I am part of the larger team that builds and maintains the infrastructure for STARR, and I lead the Data Science and Service team, which is responsible for ensuring data integrity, quality, and standardization of STARR products, as well as custom data extracts for researchers.
Are there any current or recent projects at Stanford that you’re particularly excited about and would like to share?
Yes! We have a couple of very cool initiatives that the entire team is working on. In fact, we submitted abstracts on almost all of them for the 2025 OHDSI Global Symposium. One major initiative is to integrate all multimodal Oncology data into STARR and subsequently bring it into OMOP. As part of that project, we have recently expanded our CDM to include the image_occurrence table, which links all the radiology dicoms to the OMOP procedure_occurrence, visit_occurrence, and potentially the PHI-scrubbed dicom. We have brought in the Stanford Cancer Registry into STARR, and are in the process of bringing the Genomics data into STARR. The holy grail would be to bring all these data modalities into OMOP.
OHDSI is deeply rooted in open science and collaboration. How important are those principles to the work you do?
Collaboration is at the heart of our approach—be it at the team level, department level, institute level or globally. Stanford has benefited immensely from being part of the OHDSI community. We are now part of multiple network studies, which have led to some really interesting findings using real-world observational data. As our faculty, students and staff have become more involved in the community, they have been able to identify and collaborate with like-minded researchers, forming working groups that focus on their specific research interests; the Perinatal and Reproductive Health Working group is a great example of that. In turn, this has led to the integration of more clinical data domains into OMOP. It has allowed new partnerships to arise. Working as a multi-institutional extended team has given us the opportunity to learn from one another, share insights and code, and foster mentorship and professional development. The OHDSI community is a living example of the transformative impact large-scale collaboration can have.

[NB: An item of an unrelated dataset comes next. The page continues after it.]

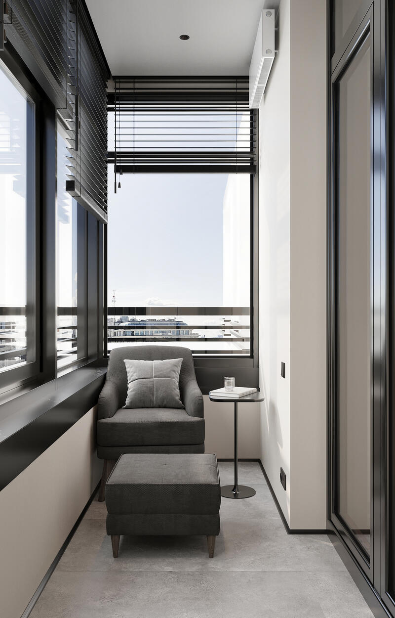 Балкон организован как компактная зона отдыха с мягким креслом и пуфом. Светлые стены и панорамное остекление дают много дневного света. Рядом установлен небольшой столик для чтения или кофе. С противоположной стороны — высокий шкаф для сезонного хранения. На полу — керамогранит, удобный в эксплуатации.

Priya and Pooja Desai, from the 2023 Global Symposium
Beyond being a researcher, you’re also a parent to a future researcher—your daughter is pursuing her PhD at Columbia. What advice do you share about getting involved in biomedical informatics, and what excites you about how the next generation might shape the future of healthcare?
You know, it’s interesting—my daughter and I came into biomedical informatics through very different paths, and yet we’ve found ourselves meeting in the middle through this incredible, interdisciplinary community. Watching her pursue her PhD at Columbia has been both humbling and inspiring.

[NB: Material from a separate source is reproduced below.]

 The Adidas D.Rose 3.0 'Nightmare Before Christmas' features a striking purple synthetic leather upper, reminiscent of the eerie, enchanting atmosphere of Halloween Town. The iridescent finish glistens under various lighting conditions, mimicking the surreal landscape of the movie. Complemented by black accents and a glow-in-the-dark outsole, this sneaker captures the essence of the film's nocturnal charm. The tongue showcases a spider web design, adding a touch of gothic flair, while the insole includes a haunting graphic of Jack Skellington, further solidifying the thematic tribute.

The advice I always give her—and really, to anyone entering the field—is to lead with curiosity and remain a lifelong student. Talk to as many people as you can, even outside your immediate area of focus. Ask questions, even the ones that feel obvious. Some of the best insights come from conversations where you’re just genuinely trying to understand how someone else thinks.

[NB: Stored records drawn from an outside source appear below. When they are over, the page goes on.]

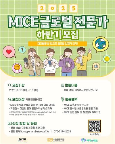 서울관광재단(대표이사 길기연)은 서울 MICE 미래인재 육성을 위해 2025년 하반기 MICE 글로벌 전문가를 7월 8일(화)까지 모집한다고 밝혔다.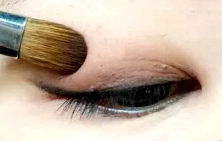 将轮廓色眼影粉晕染至下眼尾至眼头,调整眼睛形状至平行四边形。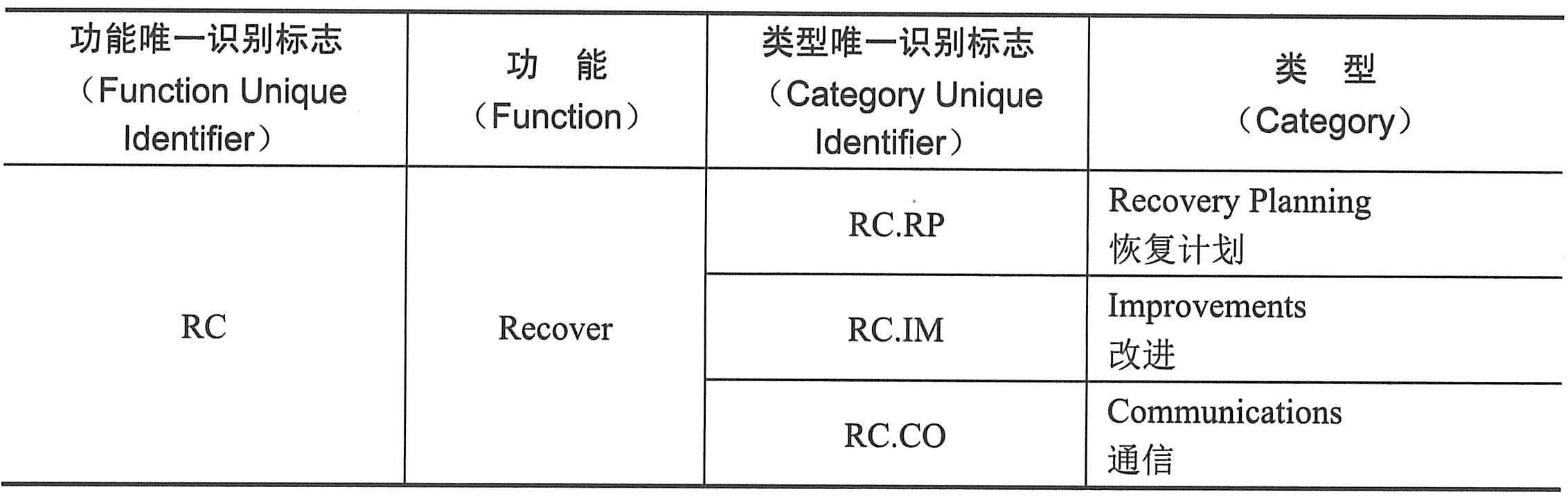 NIST网络安全框架恢复功能对应分类表

What excites me most about the next generation is their openness to questioning long-held assumptions. They’re not afraid to challenge existing routines, to reimagine what’s possible, and to bring in tools and perspectives that didn’t exist a decade ago. That kind of creativity and courage is exactly what we need to shape a more equitable, innovative future for healthcare.
What are some of your hobbies, and what is one interesting thing that most community members might not know about you?
In my free time, I enjoy hiking, gardening, and cooking. I am also an artist!